Banda de forró mineira Cabra Cega se apresenta há mais de 30 anos e já fez até turnê na Suíça - Gustavo Baxter/UOL
Banda de forró mineira Cabra Cega se apresenta há mais de 30 anos e já fez até turnê na Suíça
Imagem: Gustavo Baxter/UOL

Nina Rocha

Colaboração para o TAB, de Belo Horizonte

09/06/2022 04h01

Com um repertório que inclui clássicos da música nordestina de Dominguinhos, Gonzagão, Elba Ramalho e Alceu Valença, a banda Forró Cabra Cega está junta há mais de três décadas e voltou a se apresentar. Ao longo dos anos, já trocaram de formação, tiveram outros nomes e testaram outros estilos, mas apostaram no forró. O nome atual veio em 2019, e o trocadilho bem-humorado representa bem a essência do grupo que, logo ao entrar em cena, se apresenta como a única banda de forró pé de serra de cegos do Brasil.

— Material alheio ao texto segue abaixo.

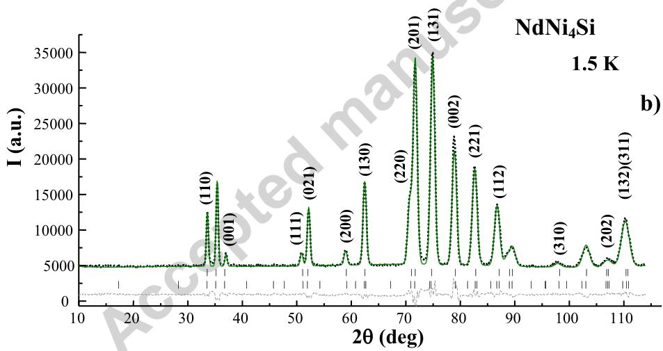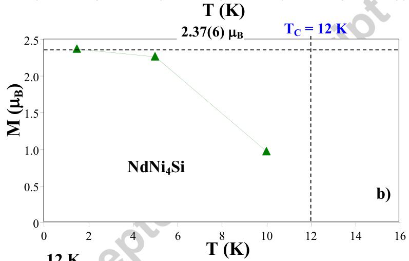 A commensurate b-axis collinear ferromagnetic model of \( NdNi_{4}Si \) fits best with the NDP data (Fig. 5). Within this model, the calculated magnetic moments for the Ni1 and Ni2 sublattices are close to or within the error bar with \( M_{Ni} \sim 0.13(15) \) \( \mu_{B} \) , which means that the significance of such ordered magnetic moment on Ni can not be confirmed. The other tested commensurate variants yielded no magnetic ordering for the Ni sublattices either. The negligible presence of the Ni magnetic moments in this compound results most probably from the Ni-3d band filling via electronic hybridization with the Nd and Ni neighbor states. The b-collinear magnetic ordering of the Nd sublattice corresponds to the Cmm'm magnetic space group as shown in Table 1. The neodymium magnetic moment reaches 2.37(5) \( \mu_{B} \) at 1.5 K, a value less than the theoretical value of 3.27 \( \mu_{B} \) expected for Nd magnetic moment [26] (Fig. 4b and Table 2), which is often observed in some rare-earth-based intermetallic compounds [27, 28].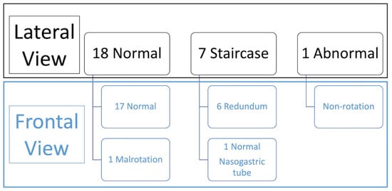 Comparison with the AP view was performed (summarized in Figure 6) which demonstrated 2 abnormal exams (1 malrotation and 1 non-rotation), 6 duodenum redundum and 18 normal studies.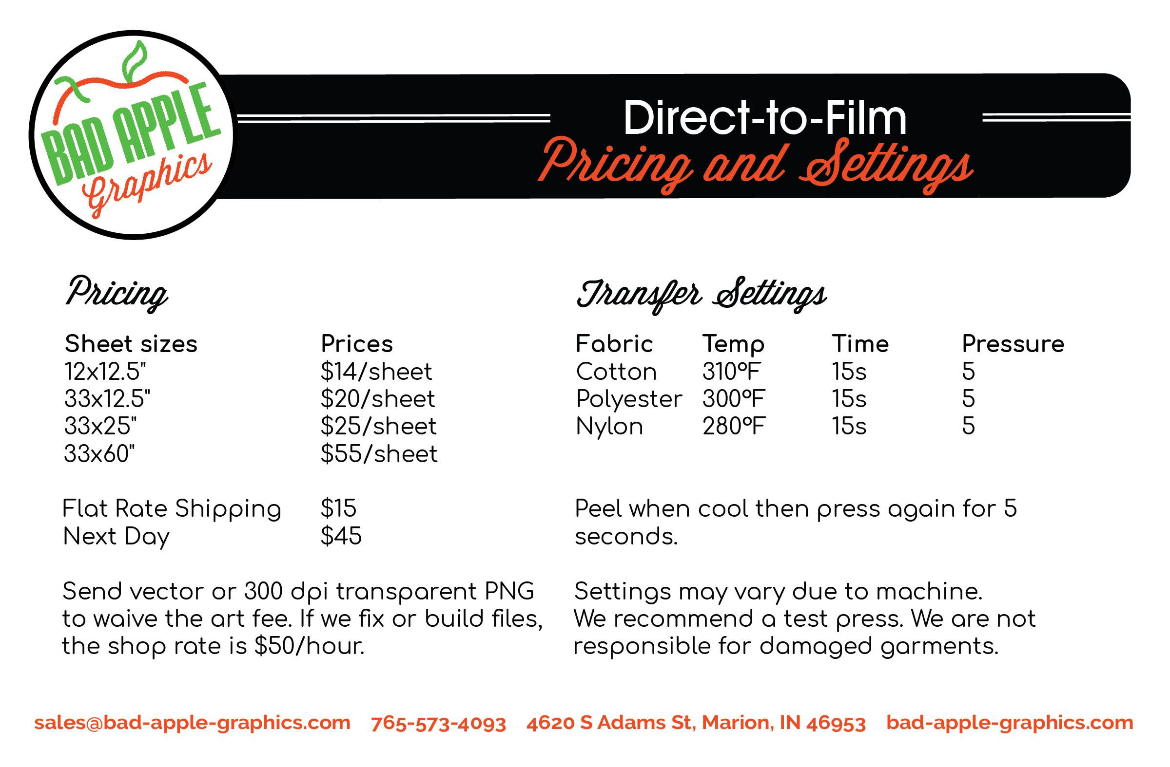 DTF (Direct To Film) transfers are a more recent addition to printed apparel. Transfers are printed digitally onto transfer film using textile pigment inks. An image is printed in reverse, then a powder adhesive is applied to the back of it either inline with the machine or manually. The transfers are then cut from the film individually and applied to the apparel using a heat fusion process.

Os músicos Jerônimo Rocha, Alessandra Madureira, Ademir Tinoco dos Santos, Leonildo César Lopes e José Maria de Oliveira se conheceram na década de 1980, quando eram alunos do Instituto São Rafael, em Belo Horizonte. A escola, que é referência no ensino especializado para pessoas com deficiência visual, oferece cursos técnicos e livres para a população cega — entre eles, o de música.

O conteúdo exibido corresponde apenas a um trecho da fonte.